§ **Assignment**
Return, exactly and in full, the lines of the records below starting at the one with "Mega tanque de" and ending at the one with "[fig. 4] Santa", and no other lines.

++++++++++

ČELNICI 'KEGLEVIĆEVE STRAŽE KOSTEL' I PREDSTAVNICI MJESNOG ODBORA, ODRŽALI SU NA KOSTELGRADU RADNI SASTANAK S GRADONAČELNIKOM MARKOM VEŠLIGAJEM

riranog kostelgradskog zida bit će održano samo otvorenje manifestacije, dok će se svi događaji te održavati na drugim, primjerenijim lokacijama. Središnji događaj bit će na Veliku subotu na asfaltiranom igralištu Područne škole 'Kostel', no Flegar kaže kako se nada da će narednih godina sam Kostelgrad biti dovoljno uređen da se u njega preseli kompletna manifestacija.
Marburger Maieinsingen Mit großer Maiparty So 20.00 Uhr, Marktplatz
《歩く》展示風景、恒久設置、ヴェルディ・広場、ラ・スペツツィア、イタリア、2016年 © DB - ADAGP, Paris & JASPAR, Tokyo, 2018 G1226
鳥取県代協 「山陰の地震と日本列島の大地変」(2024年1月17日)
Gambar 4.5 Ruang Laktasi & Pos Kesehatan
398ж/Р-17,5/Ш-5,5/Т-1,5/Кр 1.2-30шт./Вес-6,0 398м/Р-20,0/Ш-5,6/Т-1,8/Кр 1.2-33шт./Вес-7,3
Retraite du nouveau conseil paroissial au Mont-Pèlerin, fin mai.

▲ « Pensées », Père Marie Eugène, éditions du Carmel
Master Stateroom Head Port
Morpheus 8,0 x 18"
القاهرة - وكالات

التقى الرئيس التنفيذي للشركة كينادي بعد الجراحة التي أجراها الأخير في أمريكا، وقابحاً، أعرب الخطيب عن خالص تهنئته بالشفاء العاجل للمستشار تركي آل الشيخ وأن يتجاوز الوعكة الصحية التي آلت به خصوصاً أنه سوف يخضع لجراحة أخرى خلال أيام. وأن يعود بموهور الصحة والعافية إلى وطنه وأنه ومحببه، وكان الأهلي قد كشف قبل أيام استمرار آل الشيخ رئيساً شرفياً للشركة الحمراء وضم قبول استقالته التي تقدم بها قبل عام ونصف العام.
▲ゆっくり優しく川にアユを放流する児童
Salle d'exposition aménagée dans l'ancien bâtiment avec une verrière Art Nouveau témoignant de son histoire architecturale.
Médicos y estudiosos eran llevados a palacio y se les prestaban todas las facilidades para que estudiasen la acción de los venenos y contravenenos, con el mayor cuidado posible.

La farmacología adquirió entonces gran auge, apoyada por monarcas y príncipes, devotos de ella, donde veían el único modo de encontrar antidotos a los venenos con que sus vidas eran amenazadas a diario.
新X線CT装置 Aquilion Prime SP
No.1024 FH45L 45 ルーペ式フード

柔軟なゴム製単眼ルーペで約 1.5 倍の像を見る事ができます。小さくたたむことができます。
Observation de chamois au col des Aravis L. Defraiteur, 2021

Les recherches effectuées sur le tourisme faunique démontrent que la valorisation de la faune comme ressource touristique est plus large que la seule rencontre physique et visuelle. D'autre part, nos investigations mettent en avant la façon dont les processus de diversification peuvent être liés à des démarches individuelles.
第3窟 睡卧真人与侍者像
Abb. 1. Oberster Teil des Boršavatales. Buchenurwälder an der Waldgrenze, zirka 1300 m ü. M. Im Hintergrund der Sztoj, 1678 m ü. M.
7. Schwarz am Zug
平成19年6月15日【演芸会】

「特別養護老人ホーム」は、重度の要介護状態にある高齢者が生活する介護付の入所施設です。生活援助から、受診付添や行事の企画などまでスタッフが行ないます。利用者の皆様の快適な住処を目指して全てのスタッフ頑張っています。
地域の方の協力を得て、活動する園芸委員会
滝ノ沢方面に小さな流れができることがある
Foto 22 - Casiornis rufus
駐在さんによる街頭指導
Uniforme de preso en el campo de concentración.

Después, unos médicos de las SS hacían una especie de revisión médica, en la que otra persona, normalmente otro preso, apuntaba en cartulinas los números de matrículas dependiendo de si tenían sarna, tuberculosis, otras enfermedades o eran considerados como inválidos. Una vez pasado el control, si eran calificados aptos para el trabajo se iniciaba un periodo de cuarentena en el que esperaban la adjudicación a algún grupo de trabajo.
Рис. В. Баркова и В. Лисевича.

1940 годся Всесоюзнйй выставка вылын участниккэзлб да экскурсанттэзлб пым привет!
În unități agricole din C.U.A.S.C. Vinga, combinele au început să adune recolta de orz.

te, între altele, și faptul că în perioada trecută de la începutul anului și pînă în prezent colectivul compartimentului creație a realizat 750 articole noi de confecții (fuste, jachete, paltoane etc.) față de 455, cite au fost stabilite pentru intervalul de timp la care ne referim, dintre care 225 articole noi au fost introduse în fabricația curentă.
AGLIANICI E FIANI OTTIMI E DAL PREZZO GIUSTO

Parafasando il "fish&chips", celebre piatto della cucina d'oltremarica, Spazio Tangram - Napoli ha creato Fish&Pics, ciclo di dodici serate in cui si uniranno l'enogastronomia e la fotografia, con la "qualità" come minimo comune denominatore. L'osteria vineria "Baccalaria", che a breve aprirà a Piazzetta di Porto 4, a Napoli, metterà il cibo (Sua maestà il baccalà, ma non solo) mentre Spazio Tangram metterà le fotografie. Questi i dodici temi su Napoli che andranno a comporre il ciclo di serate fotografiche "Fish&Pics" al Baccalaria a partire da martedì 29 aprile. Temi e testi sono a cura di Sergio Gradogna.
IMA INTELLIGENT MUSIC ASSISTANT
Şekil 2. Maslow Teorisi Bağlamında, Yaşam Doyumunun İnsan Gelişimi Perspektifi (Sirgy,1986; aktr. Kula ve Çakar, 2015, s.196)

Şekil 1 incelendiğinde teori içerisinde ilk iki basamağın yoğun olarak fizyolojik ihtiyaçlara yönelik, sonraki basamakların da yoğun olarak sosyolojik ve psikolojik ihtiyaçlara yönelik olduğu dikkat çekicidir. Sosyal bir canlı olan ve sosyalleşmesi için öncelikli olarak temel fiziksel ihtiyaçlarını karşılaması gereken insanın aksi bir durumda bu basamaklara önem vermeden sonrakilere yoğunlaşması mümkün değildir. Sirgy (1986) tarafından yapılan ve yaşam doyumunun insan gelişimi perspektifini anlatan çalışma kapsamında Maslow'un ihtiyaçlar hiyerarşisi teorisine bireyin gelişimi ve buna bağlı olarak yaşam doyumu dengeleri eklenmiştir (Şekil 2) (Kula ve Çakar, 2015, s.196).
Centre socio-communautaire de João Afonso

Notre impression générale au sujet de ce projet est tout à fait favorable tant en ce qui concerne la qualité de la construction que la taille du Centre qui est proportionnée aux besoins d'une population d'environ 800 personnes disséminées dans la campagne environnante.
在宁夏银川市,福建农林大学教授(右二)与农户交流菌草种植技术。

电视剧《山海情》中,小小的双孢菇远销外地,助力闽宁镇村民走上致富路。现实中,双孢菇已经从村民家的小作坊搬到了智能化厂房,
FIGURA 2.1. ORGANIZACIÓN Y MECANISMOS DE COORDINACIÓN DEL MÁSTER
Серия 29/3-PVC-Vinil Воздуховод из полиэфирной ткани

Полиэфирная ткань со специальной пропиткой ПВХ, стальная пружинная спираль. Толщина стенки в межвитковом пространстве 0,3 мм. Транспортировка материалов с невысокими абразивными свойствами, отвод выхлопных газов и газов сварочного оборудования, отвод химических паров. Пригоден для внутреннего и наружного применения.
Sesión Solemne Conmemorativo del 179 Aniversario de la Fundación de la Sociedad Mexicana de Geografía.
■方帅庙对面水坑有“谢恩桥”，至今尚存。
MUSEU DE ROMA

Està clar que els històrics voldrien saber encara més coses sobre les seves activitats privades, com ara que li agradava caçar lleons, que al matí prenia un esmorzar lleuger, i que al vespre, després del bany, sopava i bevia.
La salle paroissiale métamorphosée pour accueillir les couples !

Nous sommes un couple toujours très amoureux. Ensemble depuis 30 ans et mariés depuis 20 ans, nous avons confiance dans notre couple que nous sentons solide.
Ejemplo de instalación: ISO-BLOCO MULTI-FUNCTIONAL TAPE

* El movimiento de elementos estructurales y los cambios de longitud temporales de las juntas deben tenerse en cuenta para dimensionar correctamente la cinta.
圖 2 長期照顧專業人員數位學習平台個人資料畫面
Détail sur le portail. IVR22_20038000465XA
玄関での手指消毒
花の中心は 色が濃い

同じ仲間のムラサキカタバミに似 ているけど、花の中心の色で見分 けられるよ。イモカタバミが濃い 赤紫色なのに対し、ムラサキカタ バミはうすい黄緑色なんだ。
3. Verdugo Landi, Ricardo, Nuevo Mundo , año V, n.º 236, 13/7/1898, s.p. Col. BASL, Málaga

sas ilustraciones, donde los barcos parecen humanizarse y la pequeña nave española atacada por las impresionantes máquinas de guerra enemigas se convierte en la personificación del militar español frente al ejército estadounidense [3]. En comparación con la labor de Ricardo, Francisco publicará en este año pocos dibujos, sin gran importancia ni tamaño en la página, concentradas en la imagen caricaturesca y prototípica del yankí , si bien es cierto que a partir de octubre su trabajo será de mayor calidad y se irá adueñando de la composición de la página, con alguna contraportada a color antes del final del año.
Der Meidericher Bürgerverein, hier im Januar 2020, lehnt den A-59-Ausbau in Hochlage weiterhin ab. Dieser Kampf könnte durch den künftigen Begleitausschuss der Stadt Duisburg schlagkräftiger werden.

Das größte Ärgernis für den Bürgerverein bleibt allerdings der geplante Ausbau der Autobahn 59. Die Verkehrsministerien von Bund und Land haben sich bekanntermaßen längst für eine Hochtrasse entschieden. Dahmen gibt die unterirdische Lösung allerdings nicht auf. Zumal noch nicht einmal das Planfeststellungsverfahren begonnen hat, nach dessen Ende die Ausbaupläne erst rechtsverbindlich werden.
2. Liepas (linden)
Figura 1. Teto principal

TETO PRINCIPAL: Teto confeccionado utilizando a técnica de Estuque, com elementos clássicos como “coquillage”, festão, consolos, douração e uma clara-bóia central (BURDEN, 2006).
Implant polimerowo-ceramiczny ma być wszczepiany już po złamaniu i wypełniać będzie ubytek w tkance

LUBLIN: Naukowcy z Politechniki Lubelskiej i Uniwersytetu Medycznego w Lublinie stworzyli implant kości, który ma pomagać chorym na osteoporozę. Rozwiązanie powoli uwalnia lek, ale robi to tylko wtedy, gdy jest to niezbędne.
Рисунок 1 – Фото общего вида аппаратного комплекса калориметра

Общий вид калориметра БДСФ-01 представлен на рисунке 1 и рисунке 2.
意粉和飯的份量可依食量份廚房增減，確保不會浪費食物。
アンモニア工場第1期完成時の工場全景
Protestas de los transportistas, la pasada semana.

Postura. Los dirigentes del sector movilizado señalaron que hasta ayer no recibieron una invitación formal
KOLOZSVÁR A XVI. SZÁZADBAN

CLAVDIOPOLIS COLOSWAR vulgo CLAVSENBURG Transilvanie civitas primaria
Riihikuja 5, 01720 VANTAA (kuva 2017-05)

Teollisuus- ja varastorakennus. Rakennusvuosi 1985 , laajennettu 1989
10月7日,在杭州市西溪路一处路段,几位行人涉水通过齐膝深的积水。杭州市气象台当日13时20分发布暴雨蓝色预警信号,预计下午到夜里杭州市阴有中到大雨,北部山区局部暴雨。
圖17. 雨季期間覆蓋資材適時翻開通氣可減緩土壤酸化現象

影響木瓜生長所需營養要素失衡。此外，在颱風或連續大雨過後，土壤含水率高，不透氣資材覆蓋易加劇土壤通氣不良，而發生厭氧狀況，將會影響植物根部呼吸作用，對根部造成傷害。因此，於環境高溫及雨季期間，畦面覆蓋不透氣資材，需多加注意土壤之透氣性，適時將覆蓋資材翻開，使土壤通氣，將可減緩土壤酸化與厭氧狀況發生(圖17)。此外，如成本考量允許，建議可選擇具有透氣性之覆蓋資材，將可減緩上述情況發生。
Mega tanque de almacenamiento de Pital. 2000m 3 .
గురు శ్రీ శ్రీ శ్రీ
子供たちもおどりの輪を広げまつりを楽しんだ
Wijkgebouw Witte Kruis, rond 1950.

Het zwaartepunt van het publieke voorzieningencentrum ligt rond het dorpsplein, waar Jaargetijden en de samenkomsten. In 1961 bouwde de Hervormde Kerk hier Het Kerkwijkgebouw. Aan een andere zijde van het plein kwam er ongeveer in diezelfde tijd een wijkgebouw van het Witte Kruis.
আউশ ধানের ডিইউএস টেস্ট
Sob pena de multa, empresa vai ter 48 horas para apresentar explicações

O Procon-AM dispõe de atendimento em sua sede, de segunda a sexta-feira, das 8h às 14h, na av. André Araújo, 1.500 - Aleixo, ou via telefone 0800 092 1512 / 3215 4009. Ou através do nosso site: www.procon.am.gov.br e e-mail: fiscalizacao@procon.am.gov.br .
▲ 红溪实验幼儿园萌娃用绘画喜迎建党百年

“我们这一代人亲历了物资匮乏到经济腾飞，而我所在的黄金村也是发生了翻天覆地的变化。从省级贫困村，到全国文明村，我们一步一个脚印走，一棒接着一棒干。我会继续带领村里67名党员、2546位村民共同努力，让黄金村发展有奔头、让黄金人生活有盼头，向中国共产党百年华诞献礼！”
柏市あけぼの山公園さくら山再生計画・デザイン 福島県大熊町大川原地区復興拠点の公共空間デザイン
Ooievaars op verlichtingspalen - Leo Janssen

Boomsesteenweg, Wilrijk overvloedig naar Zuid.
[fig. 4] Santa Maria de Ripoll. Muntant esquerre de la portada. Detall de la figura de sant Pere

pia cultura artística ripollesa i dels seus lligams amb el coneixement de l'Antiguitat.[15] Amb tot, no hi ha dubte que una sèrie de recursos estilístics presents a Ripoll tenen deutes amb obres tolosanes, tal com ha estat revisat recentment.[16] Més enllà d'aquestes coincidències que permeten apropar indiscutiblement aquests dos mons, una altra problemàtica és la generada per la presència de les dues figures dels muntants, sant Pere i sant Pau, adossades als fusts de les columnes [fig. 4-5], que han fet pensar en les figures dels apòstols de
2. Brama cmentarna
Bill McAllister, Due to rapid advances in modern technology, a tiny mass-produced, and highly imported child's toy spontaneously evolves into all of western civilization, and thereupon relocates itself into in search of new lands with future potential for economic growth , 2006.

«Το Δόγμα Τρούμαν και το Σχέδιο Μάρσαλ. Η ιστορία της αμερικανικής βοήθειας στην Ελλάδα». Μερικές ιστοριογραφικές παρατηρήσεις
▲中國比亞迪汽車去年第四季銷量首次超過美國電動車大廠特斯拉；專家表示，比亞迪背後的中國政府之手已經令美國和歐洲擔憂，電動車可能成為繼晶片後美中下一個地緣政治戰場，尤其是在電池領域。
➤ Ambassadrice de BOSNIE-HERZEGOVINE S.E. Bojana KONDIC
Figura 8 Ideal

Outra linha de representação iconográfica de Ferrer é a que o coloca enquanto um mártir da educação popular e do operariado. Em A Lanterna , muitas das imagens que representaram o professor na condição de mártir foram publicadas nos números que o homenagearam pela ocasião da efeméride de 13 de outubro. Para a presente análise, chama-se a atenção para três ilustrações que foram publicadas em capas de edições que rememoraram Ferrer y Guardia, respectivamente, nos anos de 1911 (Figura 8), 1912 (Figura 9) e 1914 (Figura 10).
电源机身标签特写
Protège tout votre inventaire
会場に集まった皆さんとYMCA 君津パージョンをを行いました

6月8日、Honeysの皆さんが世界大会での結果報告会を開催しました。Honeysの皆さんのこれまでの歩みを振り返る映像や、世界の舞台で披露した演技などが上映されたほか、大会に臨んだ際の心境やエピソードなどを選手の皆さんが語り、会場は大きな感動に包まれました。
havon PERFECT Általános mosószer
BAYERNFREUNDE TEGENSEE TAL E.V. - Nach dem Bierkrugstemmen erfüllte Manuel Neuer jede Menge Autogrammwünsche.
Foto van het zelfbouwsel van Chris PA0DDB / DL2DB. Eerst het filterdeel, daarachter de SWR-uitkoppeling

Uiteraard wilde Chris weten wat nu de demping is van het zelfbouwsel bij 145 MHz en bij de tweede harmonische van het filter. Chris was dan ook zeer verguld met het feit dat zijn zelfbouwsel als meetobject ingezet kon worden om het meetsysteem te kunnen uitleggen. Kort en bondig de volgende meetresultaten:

++++++++++

§ **Task solution**
Mega tanque de almacenamiento de Pital. 2000m 3 .
గురు శ్రీ శ్రీ శ్రీ
子供たちもおどりの輪を広げまつりを楽しんだ
Wijkgebouw Witte Kruis, rond 1950.

Het zwaartepunt van het publieke voorzieningencentrum ligt rond het dorpsplein, waar Jaargetijden en de samenkomsten. In 1961 bouwde de Hervormde Kerk hier Het Kerkwijkgebouw. Aan een andere zijde van het plein kwam er ongeveer in diezelfde tijd een wijkgebouw van het Witte Kruis.
আউশ ধানের ডিইউএস টেস্ট
Sob pena de multa, empresa vai ter 48 horas para apresentar explicações

O Procon-AM dispõe de atendimento em sua sede, de segunda a sexta-feira, das 8h às 14h, na av. André Araújo, 1.500 - Aleixo, ou via telefone 0800 092 1512 / 3215 4009. Ou através do nosso site: www.procon.am.gov.br e e-mail: fiscalizacao@procon.am.gov.br .
▲ 红溪实验幼儿园萌娃用绘画喜迎建党百年

“我们这一代人亲历了物资匮乏到经济腾飞，而我所在的黄金村也是发生了翻天覆地的变化。从省级贫困村，到全国文明村，我们一步一个脚印走，一棒接着一棒干。我会继续带领村里67名党员、2546位村民共同努力，让黄金村发展有奔头、让黄金人生活有盼头，向中国共产党百年华诞献礼！”
柏市あけぼの山公園さくら山再生計画・デザイン 福島県大熊町大川原地区復興拠点の公共空間デザイン
Ooievaars op verlichtingspalen - Leo Janssen

Boomsesteenweg, Wilrijk overvloedig naar Zuid.
[fig. 4] Santa Maria de Ripoll. Muntant esquerre de la portada. Detall de la figura de sant Pere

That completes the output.